-- Opening Marker --

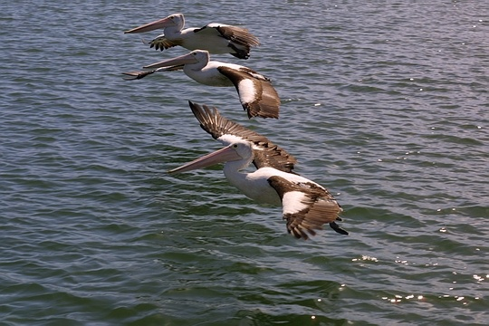 Pelicans
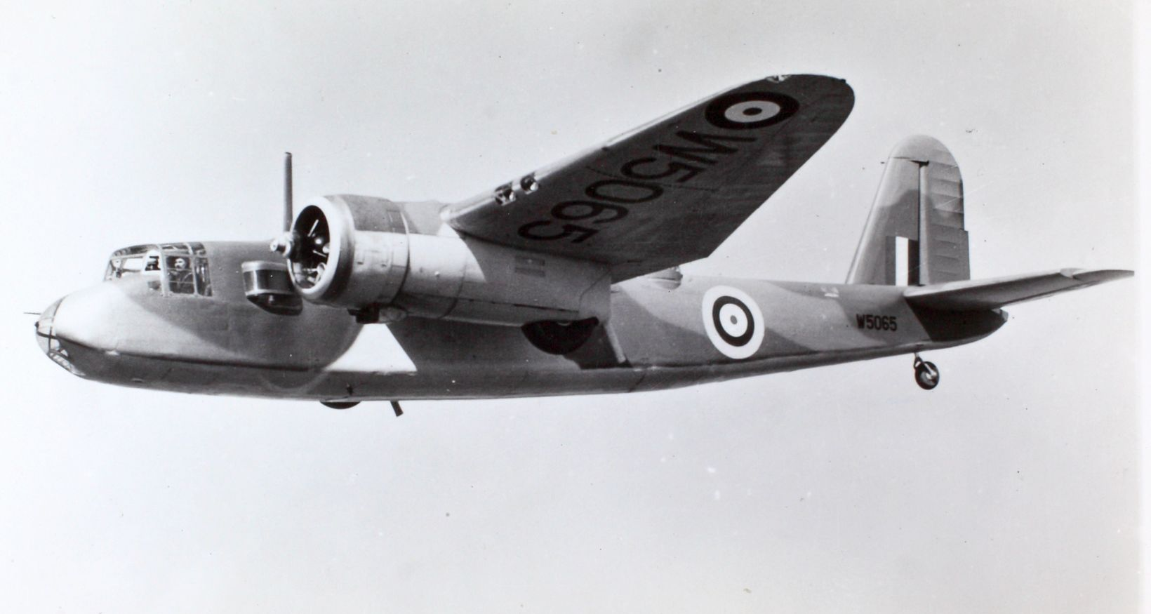 Image from the Charles Daniels Photo Collection album "British Aircraft." SOURCE INSTITUTION: San Diego Air and Space Museum Archive
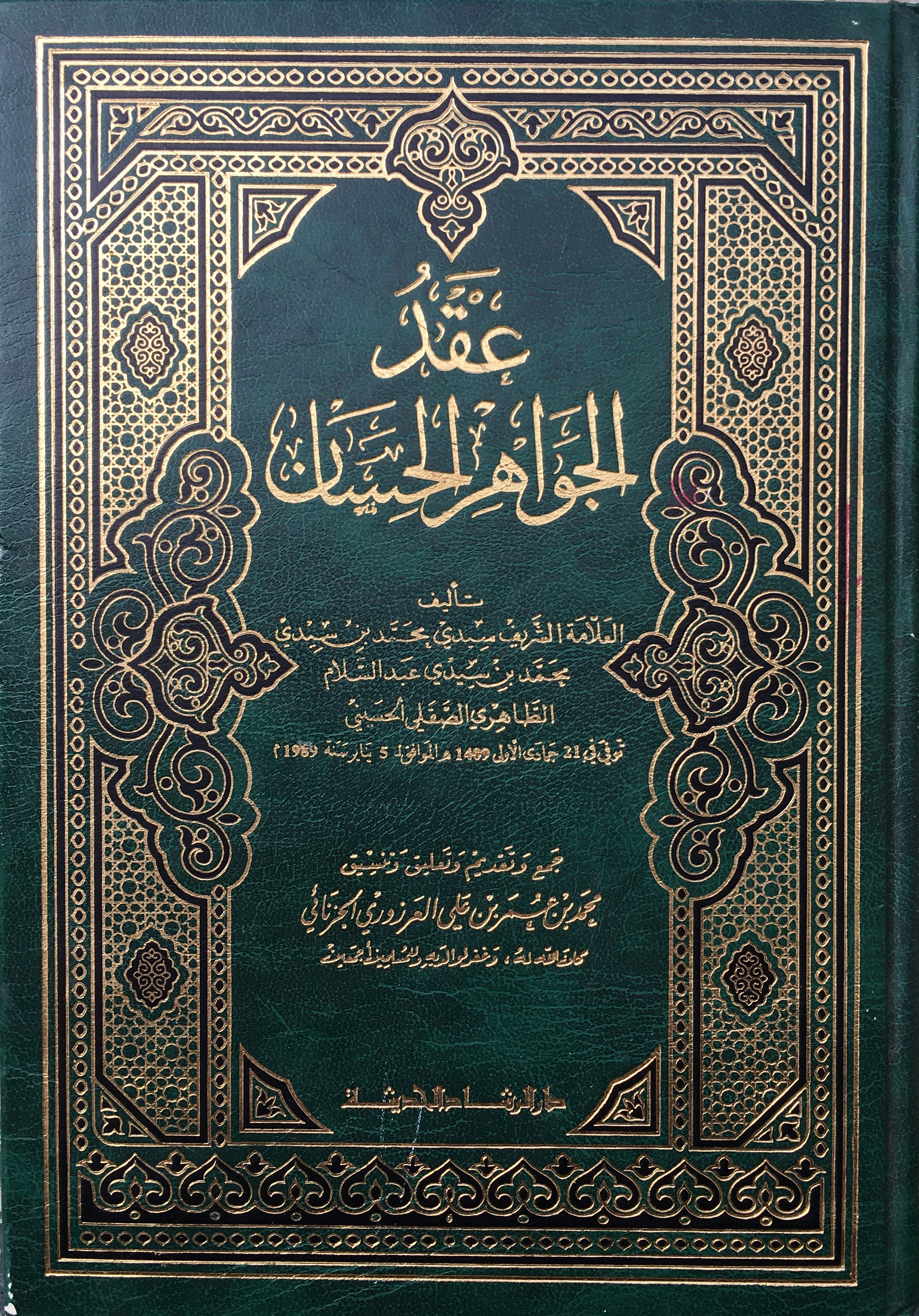 كتاب عقد الجواهرالحسان
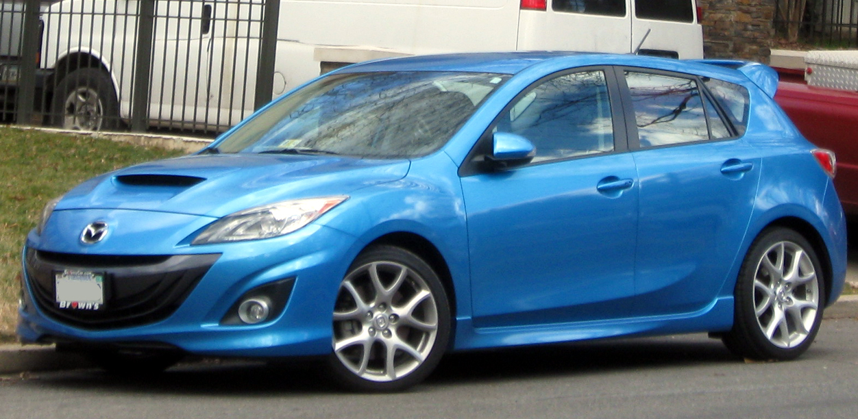 MazdaSpeed 3 photographed in Washington, D.C., USA.
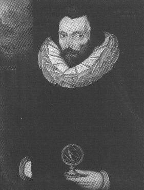 Henry Howard, 1st Earl of Northampton (1540-1614)
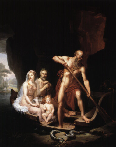 Passage on the river Styx
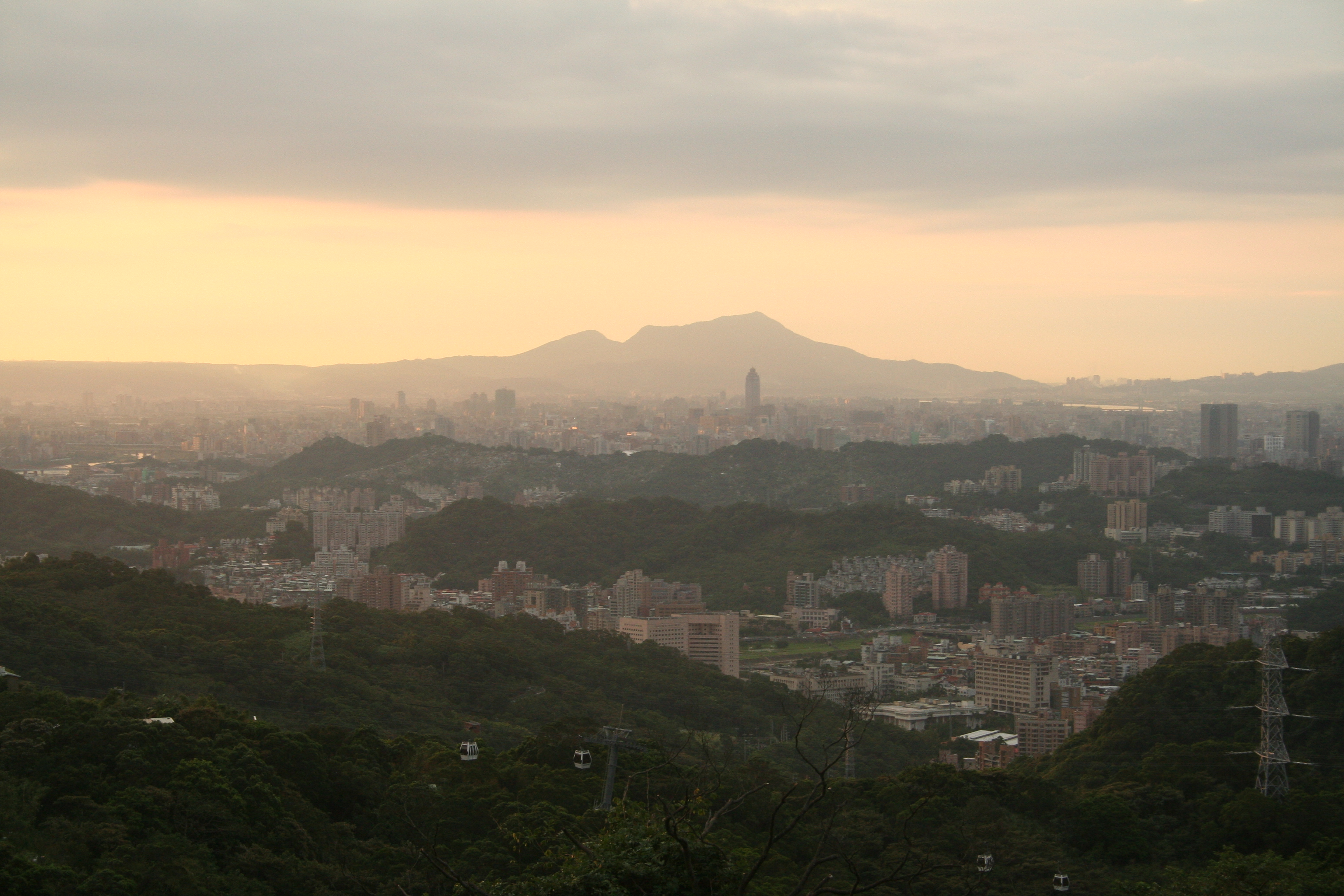 Taipei View From Maokong.
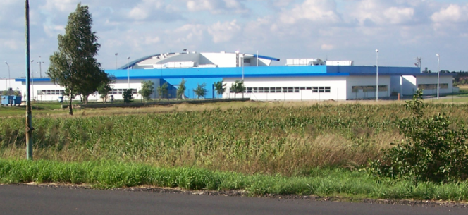 Author: Yves6 - Incubator of Enterprises & Road nr 10, Industrial Park in Solec Kujawski, Poland
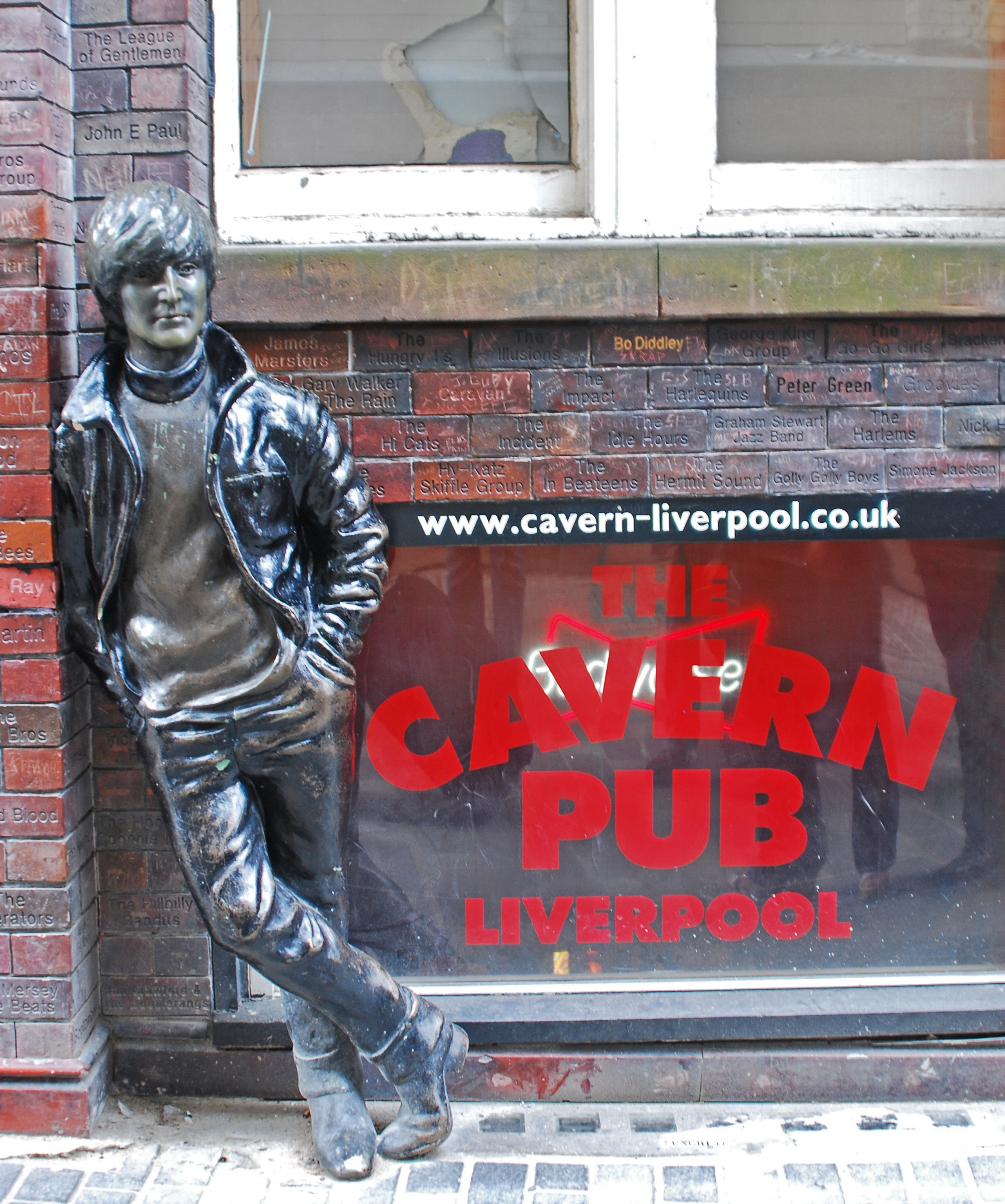 Unveiled on the 16th January 1997. It is a representation of the cover of John's 1975 album, "Rock 'n' Roll"
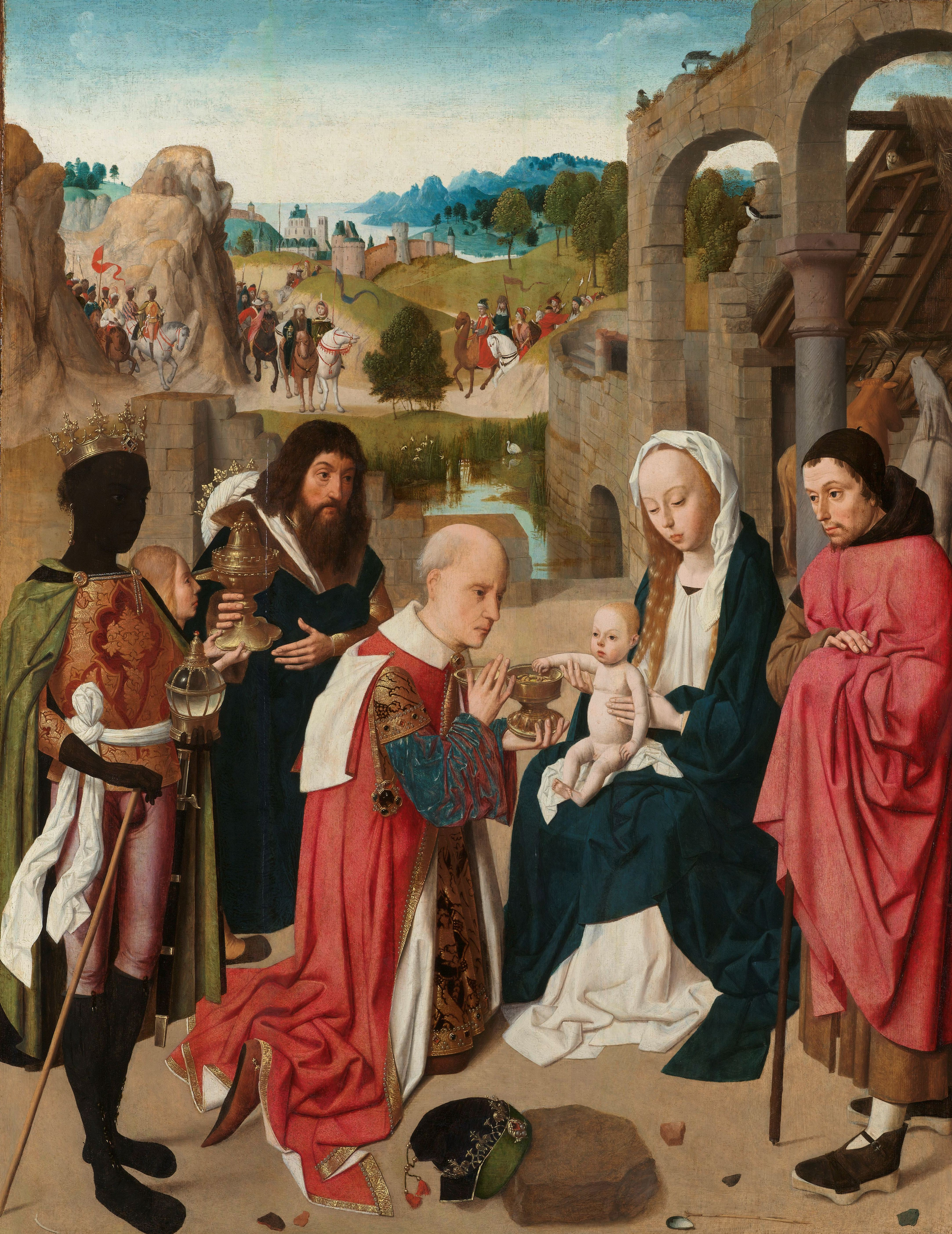 On the right the holy family in front of the stable in a ruin. On the left the three magi with their gifts. In the background the retinue of each of the three magi. The three magi represent three generations and the three continents known in the Middle Ages: Europe, Asia and Africa.
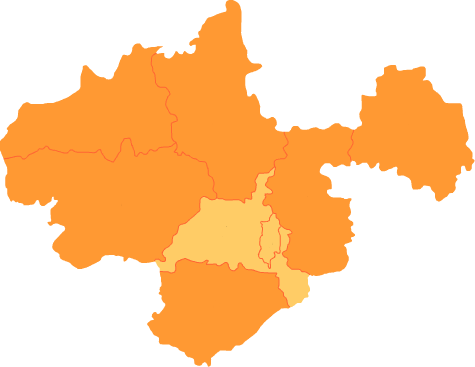 Map of Chuzhou in Anhui province, numbers removed.
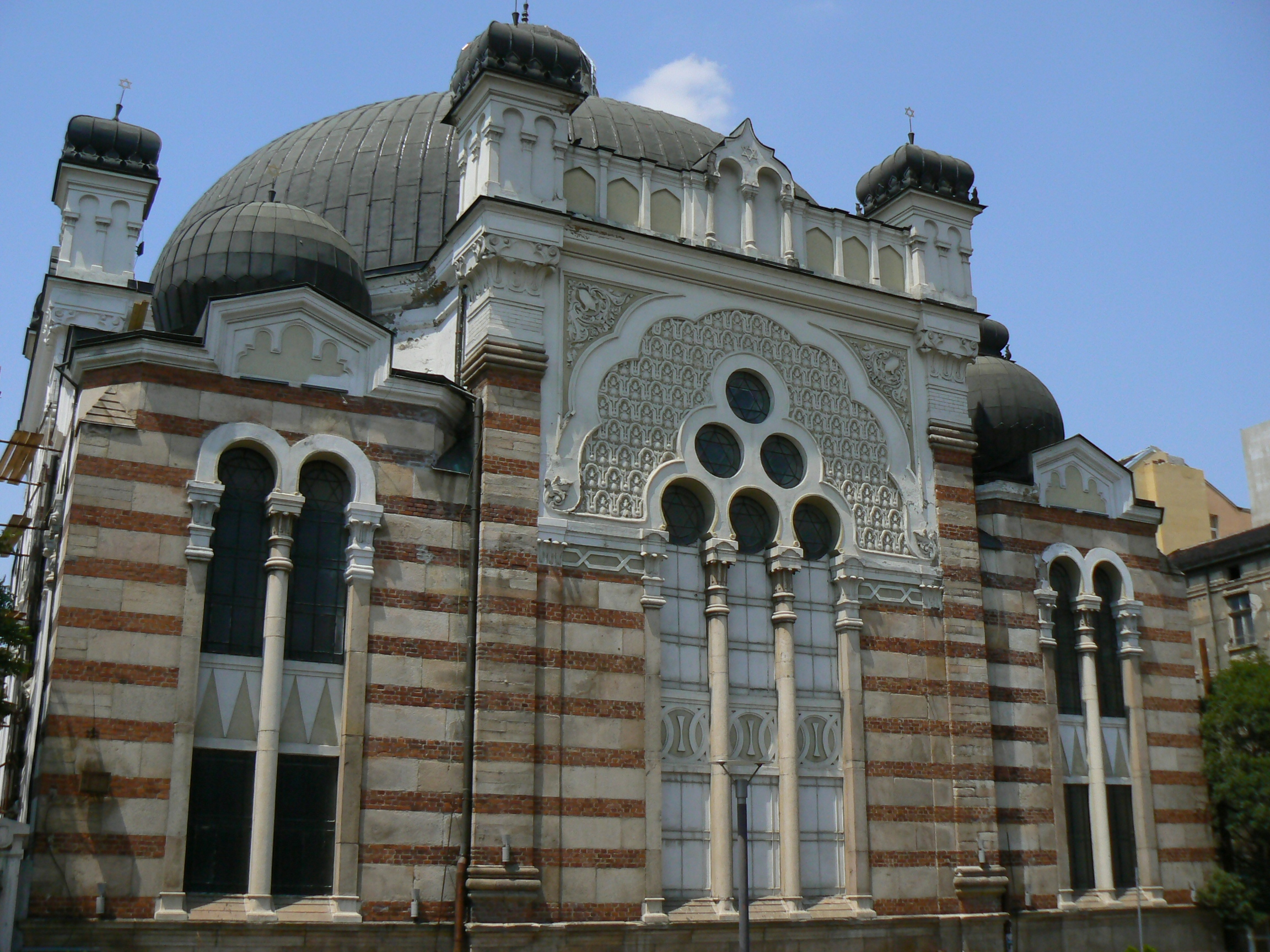 Sofia Synagogue, as seen from shopping centre Halite. Sofia, Bulgaria

-- Closing Marker --

Activity
Output exactly the lines above, beginning at the one with "كتاب عقد الجواهرالحسان" and stopping after the one with "Unveiled on the". Pictures are to be omitted.

Answer box
 كتاب عقد الجواهرالحسان
 MazdaSpeed 3 photographed in Washington, D.C., USA.
 Henry Howard, 1st Earl of Northampton (1540-1614)
 Passage on the river Styx
 Taipei View From Maokong.
 Author: Yves6 - Incubator of Enterprises & Road nr 10, Industrial Park in Solec Kujawski, Poland
 Unveiled on the 16th January 1997. It is a representation of the cover of John's 1975 album, "Rock 'n' Roll"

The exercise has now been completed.